En Fri, 20 Feb 2009 16:49:21 -0200, Alan Isaac <ais...@american.edu>
escribió:
I have a class `X` where many parameters are set
at instance initialization. The parameter values
of an instance `x` generally remain unchanged,
but is there way to communicate to a method that
it depends only on the initial values of these parameters
(and does not need to worry about any changes)?
The behavior of method `m` depends on these parameter values.
It turns out `m` gets called a lot, which means
that the pameter values are accessed over and over
(self.p0, self.p1, etc). I would like to
manufacture a function equivalent to the method
that simply uses fixed values (the values at the
time it is manufactured).
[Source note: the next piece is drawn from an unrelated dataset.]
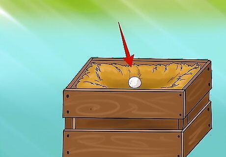 Introduce the chickens to the nesting box. Encourage chickens to use nesting boxes by placing plastic eggs or golf balls in the nests to simulate recently-laid eggs. You should collect the eggs daily, but bear in mind that chickens are more likely to add to an existing clutch of eggs than to start a new one. Keep boxes clean, and do not disturb laying chickens. Once nesting boxes are accepted as a safe and serene laying site, chickens will return daily without prodding. To introduce chickens to the nesting box, try putting them in the box at night, when they are blind. They will find their way out in the morning when they are all calm and at ease. This way, they won't forget where to find it later on. Nesting boxes are not meant to be used for sleeping. Encourage your chickens to use nests only for laying.

I do not care if this
function is attached to `x` or not.
Not automatically; but you could refactor the method to call an external
function with arguments:
class X(...):
...
def foo(self):
c = self.a + self.b
return c
Rewrite the method as:
def foo(self):
return _foo(self.a, self.b)
and define _foo outside the class:
def _foo(a, b):
c = a + b
return c
If you want a "frozen" function (that is, a function already set-up with
the parameters taken from the current values of x.a, x.b) use
functools.partial:
x = X()
frozen_foo = functools.partial(_foo, a=x.a, b=x.b)
frozen_foo() # equivalent to x.foo() at the time it was defined
But if you call this in a loop, perhaps it's enough to assign x.a, x.b to
local variables and call _foo with those arguments.